> Exercise:
Print the lines in the listing below that fall between the line with "In terms of" and the line with "Открываем любую запись", those two lines included, exactly as they stand and with nothing else.

> Data records:
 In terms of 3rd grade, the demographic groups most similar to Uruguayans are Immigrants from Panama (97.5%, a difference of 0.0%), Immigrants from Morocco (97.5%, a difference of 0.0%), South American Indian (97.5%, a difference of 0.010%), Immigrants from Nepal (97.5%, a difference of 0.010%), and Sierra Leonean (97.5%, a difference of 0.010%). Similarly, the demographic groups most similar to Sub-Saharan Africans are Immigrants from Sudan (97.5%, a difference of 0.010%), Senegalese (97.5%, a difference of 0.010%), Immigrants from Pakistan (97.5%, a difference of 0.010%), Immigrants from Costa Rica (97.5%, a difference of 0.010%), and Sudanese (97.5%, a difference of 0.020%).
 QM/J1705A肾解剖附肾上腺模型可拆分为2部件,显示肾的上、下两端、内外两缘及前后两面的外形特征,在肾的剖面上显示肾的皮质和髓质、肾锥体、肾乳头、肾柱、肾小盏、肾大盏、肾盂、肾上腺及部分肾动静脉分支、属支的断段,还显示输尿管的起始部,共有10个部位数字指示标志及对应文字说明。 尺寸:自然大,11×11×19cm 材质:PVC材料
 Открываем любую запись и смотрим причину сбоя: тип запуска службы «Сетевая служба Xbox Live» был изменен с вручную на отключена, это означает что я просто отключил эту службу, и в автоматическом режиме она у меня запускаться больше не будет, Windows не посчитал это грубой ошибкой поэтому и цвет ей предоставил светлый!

...

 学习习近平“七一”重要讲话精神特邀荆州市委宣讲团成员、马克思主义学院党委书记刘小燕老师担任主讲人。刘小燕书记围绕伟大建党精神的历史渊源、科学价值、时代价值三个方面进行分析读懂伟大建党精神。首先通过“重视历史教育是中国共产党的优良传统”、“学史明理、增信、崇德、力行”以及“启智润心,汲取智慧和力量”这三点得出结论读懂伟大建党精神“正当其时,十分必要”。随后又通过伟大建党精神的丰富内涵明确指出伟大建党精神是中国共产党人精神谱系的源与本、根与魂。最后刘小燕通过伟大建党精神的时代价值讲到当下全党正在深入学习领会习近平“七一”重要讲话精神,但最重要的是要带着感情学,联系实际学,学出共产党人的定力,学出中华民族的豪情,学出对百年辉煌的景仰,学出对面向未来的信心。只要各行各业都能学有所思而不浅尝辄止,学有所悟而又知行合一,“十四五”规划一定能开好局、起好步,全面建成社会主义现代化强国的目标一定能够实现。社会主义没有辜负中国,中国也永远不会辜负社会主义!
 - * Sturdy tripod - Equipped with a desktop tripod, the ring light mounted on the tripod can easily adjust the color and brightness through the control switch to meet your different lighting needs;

> Reply to the exercise:
 In terms of 3rd grade, the demographic groups most similar to Uruguayans are Immigrants from Panama (97.5%, a difference of 0.0%), Immigrants from Morocco (97.5%, a difference of 0.0%), South American Indian (97.5%, a difference of 0.010%), Immigrants from Nepal (97.5%, a difference of 0.010%), and Sierra Leonean (97.5%, a difference of 0.010%). Similarly, the demographic groups most similar to Sub-Saharan Africans are Immigrants from Sudan (97.5%, a difference of 0.010%), Senegalese (97.5%, a difference of 0.010%), Immigrants from Pakistan (97.5%, a difference of 0.010%), Immigrants from Costa Rica (97.5%, a difference of 0.010%), and Sudanese (97.5%, a difference of 0.020%).
 QM/J1705A肾解剖附肾上腺模型可拆分为2部件,显示肾的上、下两端、内外两缘及前后两面的外形特征,在肾的剖面上显示肾的皮质和髓质、肾锥体、肾乳头、肾柱、肾小盏、肾大盏、肾盂、肾上腺及部分肾动静脉分支、属支的断段,还显示输尿管的起始部,共有10个部位数字指示标志及对应文字说明。 尺寸:自然大,11×11×19cm 材质:PVC材料
 Открываем любую запись и смотрим причину сбоя: тип запуска службы «Сетевая служба Xbox Live» был изменен с вручную на отключена, это означает что я просто отключил эту службу, и в автоматическом режиме она у меня запускаться больше не будет, Windows не посчитал это грубой ошибкой поэтому и цвет ей предоставил светлый!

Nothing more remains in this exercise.